My .cool files were transformed from .hic files using hic2cool 0.8.3. My .cool files did contain "chr" prefix so I didn't run 'add_prefix_to_cool.py'. When I run calculate-cnv, it can finish without any problem. Not sure whether the version of hi2cool matters.

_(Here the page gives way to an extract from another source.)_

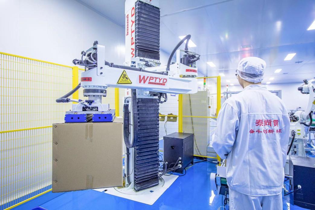爲實現黃精產品的標準化、規範化生產,2021年10月,全球首臺(套)20000平米高標準黃精深加工智能化工廠投產,以自研專利技術、引入德國設備、立足工業化4.0、對標“藥品標準”爲特色,在傳統“九蒸九曬”工藝基礎上進行科學突破創新。泰尚黃精負責人向記者舉例,通過智能控制系統,黃精凍乾粉生產線可以長期保持零下35℃的低溫,以最大程度保存營養物質,減少營養損耗。從原料清洗到包裝封箱,多條自動化生產線完成了大部分工作,整個工廠總共僅需20餘名員工駐守。

XiaoTaoWang commented 2 years ago

Hi, I just noticed this, which might be the reason: based on your previous error message, your NeoLoopFinder was installed at a local environment "/project/CRI/Xu_lab/shared/softwares/neoloop/lib/python3.7/site-packages/"; however, your networkx was imported from a public environment "/cm/shared/apps/python/3.7.x-anaconda/lib/python3.7/site-packages/". There seems to be two different networkx versions installed on your machine, but the public one has priority over the local one.

jxulab commented 2 years ago

Thank you for pointing out the issue. I am working with our IT support to fix this problem. Will let you know the updates.

jxulab commented 2 years ago

The issue was fixed. Thanks for your help!